▸ **What to work on**: From the listing below, output the lines between the one with "On 12 April" and the one with "This high-quality pdf", including those two, and nothing else. Pictures are not copied.

• • • • •

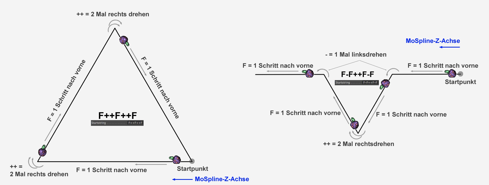 Wenn Sie bei Startstring also die Zeichenfolge F++F++F eingeben, bedeutet das im Klartext: (ausgehend von der positiven Z-Achse) "Gehe einen Schritt nach vorne, drehe Dich 2 Mal nach rechts, gehe wieder einen Schritt nach vorne, drehe Dich nochmals 2 Mal nach rechts und noch einmal einen Schritt nach vorne."
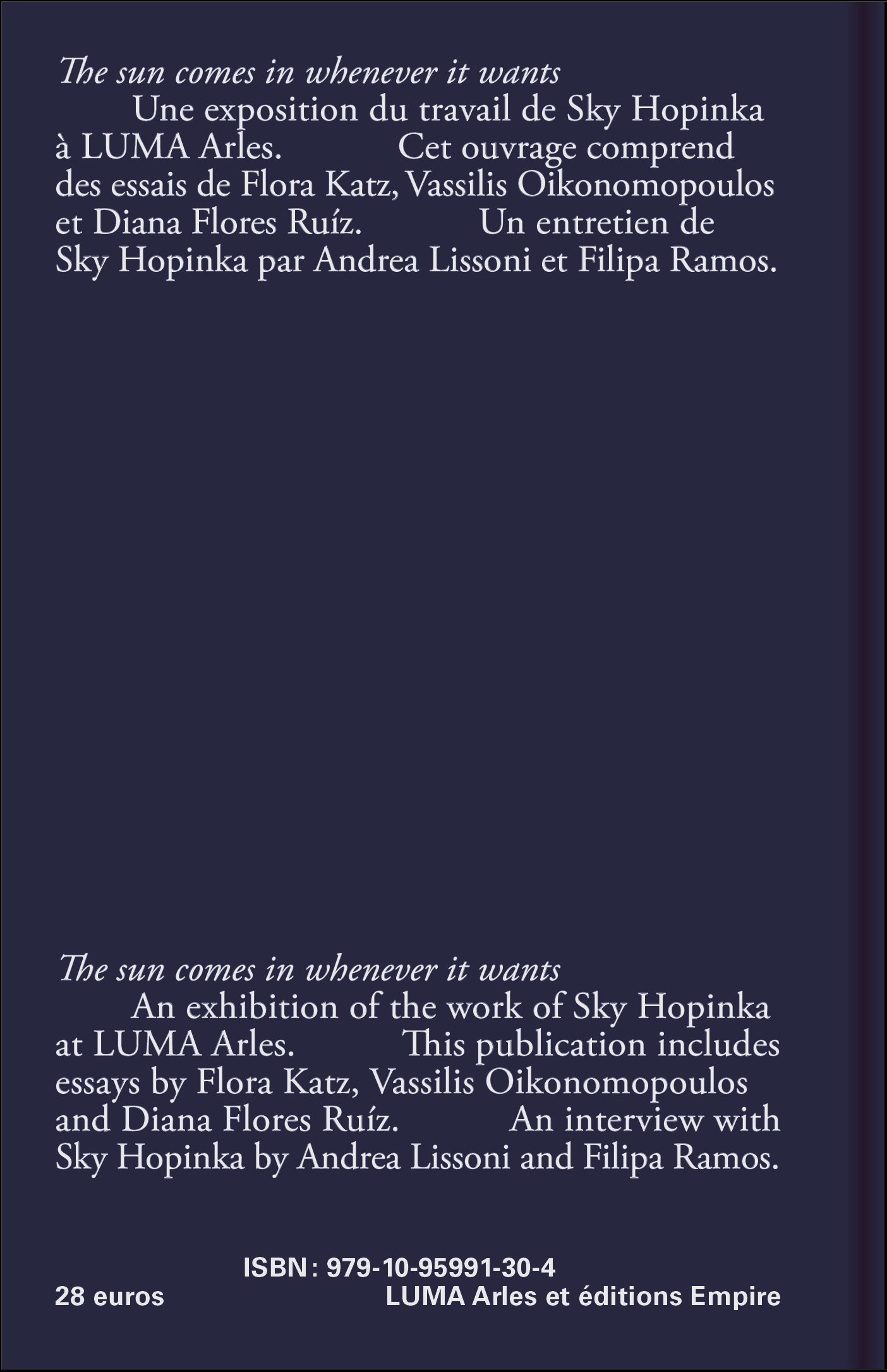 Les vidéos, photos et textes de Sky Hopinka s'articulent autour de positions personnelles sur la patrie et le paysage indigènes, de conceptions de la langue en tant que conteneurs de la culture, exprimées à travers des formes personnelles, documentaires et non fictionnelles de médias. Cette monographie, publiée à l'occasion de sa première exposition majeure en France à LUMA Arles, qui comprend des œuvres vidéo et photographiques anciennes et récentes, comprend des essais de Flora Katz,Vassilis Oikonomopoulos et Diana Flores Ruíz, ainsi qu'un entretien avec Sky Hopinka par Andrea Lissoni et Filipa Ramos.
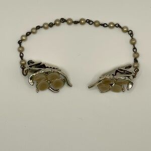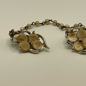 Gorgeous grape cluster clips featuring translucent beige “moonstone glow” cabochons (frosted glass/lucite for that dreamy ethereal shimmer) set in silver-tone metal with delicate leaf accents. Connected by a classic chain of small faux pearls – pure mid-century glamour!
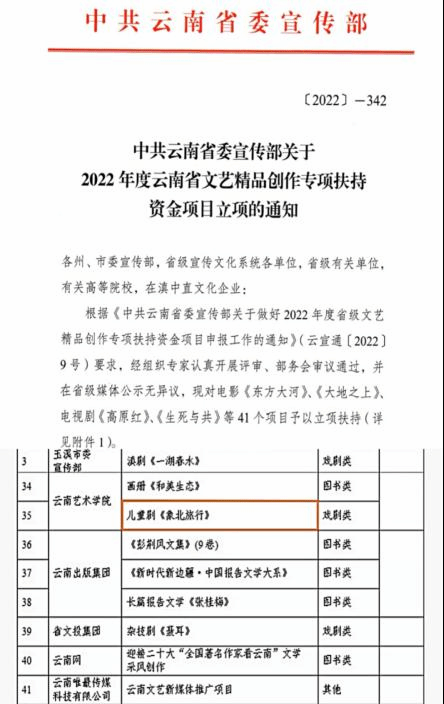 买球投注官方网站组织申报的儿童剧《象北旅行》喜获云南省文艺精品创作专项扶持资金项目立项。该项目由国家一级演员、买球投注官方网站戏剧学院硕士研究生导师刘琼教授领衔申报。
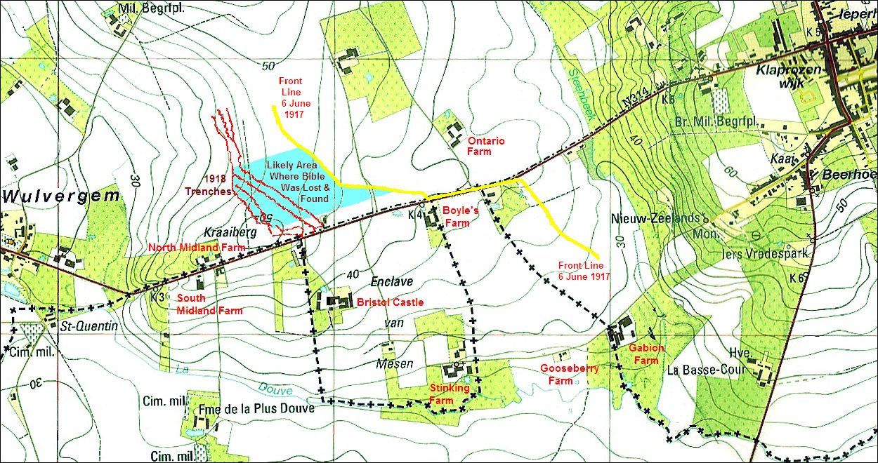 On 12 April 1918 the Germans advanced as far west and beyond the blue arrows, but were repulsed by Herbert Hodgson’s battalion just east of North Midland Farm. After he went over the top in the counter-attack, Hodgson moved further eastwards on the north side of the Wulverghem-Messines road. Either the Bible was lost by Richard Cook while he was close to that farm (probably during heavy shelling) , or Hodgson reached as far as the old 6 June 1917 front line, and this is where the Bible was lost by Cook and found by Hodgson.
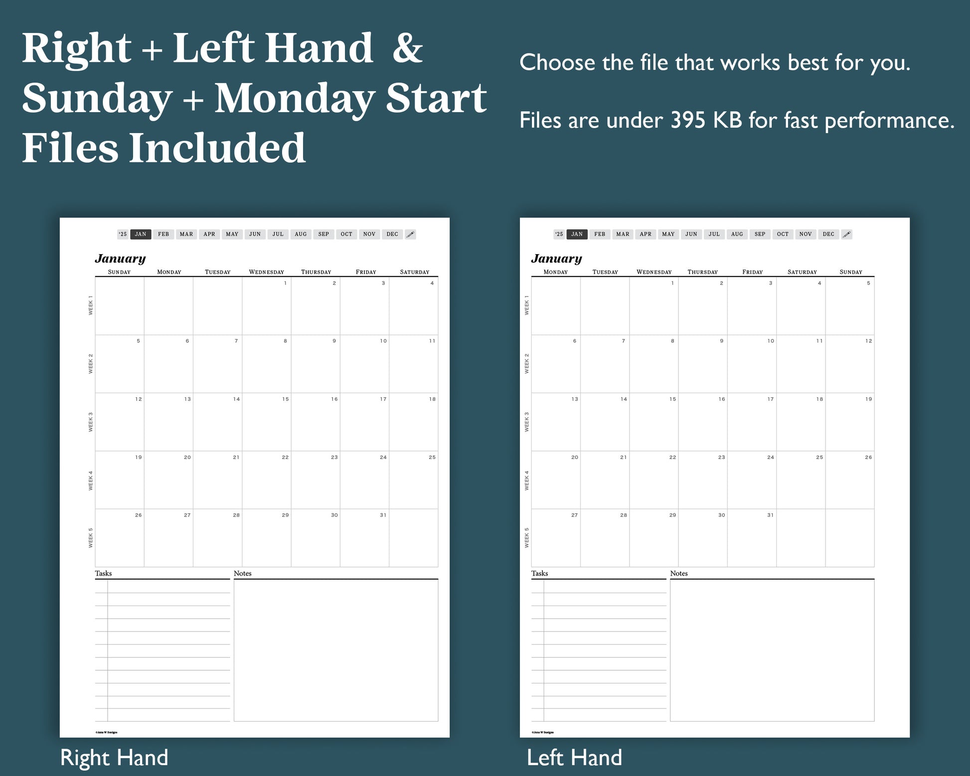 This high-quality pdf planner has a small file size of under 395 KB. Left and right-handed versions, Sunday and Monday start dates are all included.
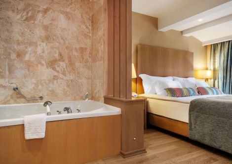 Хотелът разполага общо с 257 стаи (28-33 м²), разположени в четири различни блока, 11 апартамента (58-81 м²), 12 луксозни вили (51-160 м²) и 3 премиум апартамента. Стаите са с изглед към морето, басейна или градина. Всички стаи са оборудвани с климатик, телевизор,телефон, баня с душ/вана, сешоар, сет за чай/кафе, минибар (вода, безалкохолни напитки - зарежда се ежедневно, безплатно), сейф (безплатен), WI-FI интернет, балкон. Почистване на стаите - всеки ден, смяна на спалното бельо и кърпите - 3 пъти в седмицата.
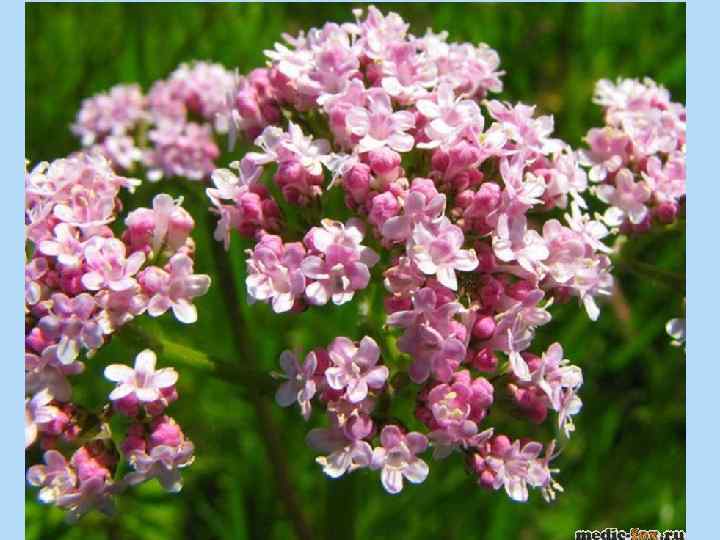 Химический состав. До 2 % эфирного масла (в составе борнилизовалерианат, изовалериановая кислота, пинен и др. ), валепотриаты, органические кислоты, алкалоиды. Применение, лекарственные средства. Применяют корневища с корнями валерианы в виде настоя, настойки, экстракта как успокаивающее (седативное) средство при нервном возбуждении, бессоннице, легких формах неврастении, вегетоневрозах, неврозах сердечнососудистой системы, климактерическом синдроме, для профилактики и лечения на ранних стадиях стенокардии, гипертонической болезни, при спазмах коронарных сосудов, желудка, кишечника. Лекарственное сырье входит в состав успокоительных, желудочных, ветрогонных сборов и используется для получения ряда комплексных препаратов: кардиовалена, валидола, валокордина, корвалола, валоседана, валосердина, персена, санасона, дормипланта, фиторелакса. Седативное действие препаратов валерианы проявляется медленно, но достаточно стабильно. Побочные эффекты. При длительном применении и передозировке препаратов возможны сонливость, чувство подавленности и угнетения общего состояния, снижение работоспособности. При прекращении приема препарата побочное действие быстро исчезает. Противопоказания. Применять с осторожностью при желчнокаменной болезни.
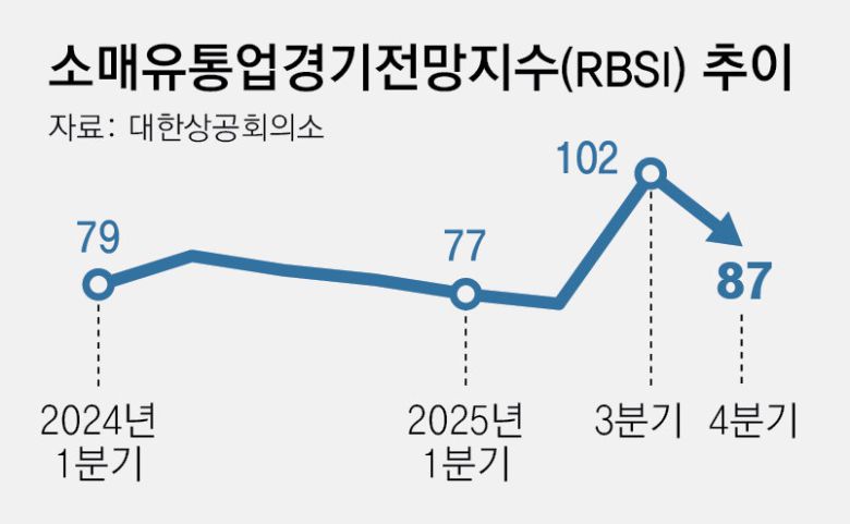 발표에 따르면 올 4분기 RBSI는 87로 3분기(7∼9월) 102에서 15포인트 하락했다. 올 3분기 RBSI가 2021년 3분기 이후 처음으로 기준치를 넘기며 회복의 기미를 보였지만 한 분기 만에 다시 기준치 이하로 떨어진 것이다. 대한상의는 “경기 둔화와 내수 부진 지속, 업태 간 경쟁 심화 등 복합적 요인으로 인해 4분기 전망치가 상승 흐름을 이어가지 못했다”고 설명했다.
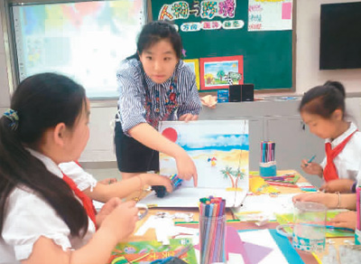 河南郑州经开区举行的学生美术观摩课堂。(资料图片)
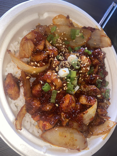 I decided on the Chicken Bulgogi Bowl - 12 oz chicken in fruit based soy sauce over rice⌠The dish is simple by design but elaborate in flavor. The profile fusion of the spice accompanying the fruit based soy sauce is absolutely mouth pleasing. The chicken was moist and flavorful and seasoned with a spice blend that fit the fusion theme of the bowl. The portion was perfect for the price and had enough for me to take some to go.
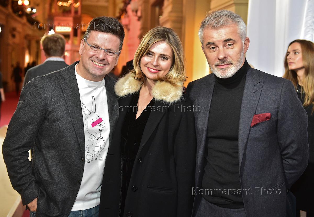 Председатель наблюдательного совета компании Bosco di Ciliegi Михаил Куснирович (слева), дизайнер Пол Смит (в центре) и актриса Ингеборга Дапкунайте (справа) на 10-летнем юбилее бутика Paul Smith в ГУМе на Красной площади.

• • • • •

▸ **The completed task**:
 On 12 April 1918 the Germans advanced as far west and beyond the blue arrows, but were repulsed by Herbert Hodgson’s battalion just east of North Midland Farm. After he went over the top in the counter-attack, Hodgson moved further eastwards on the north side of the Wulverghem-Messines road. Either the Bible was lost by Richard Cook while he was close to that farm (probably during heavy shelling) , or Hodgson reached as far as the old 6 June 1917 front line, and this is where the Bible was lost by Cook and found by Hodgson.
 This high-quality pdf planner has a small file size of under 395 KB. Left and right-handed versions, Sunday and Monday start dates are all included.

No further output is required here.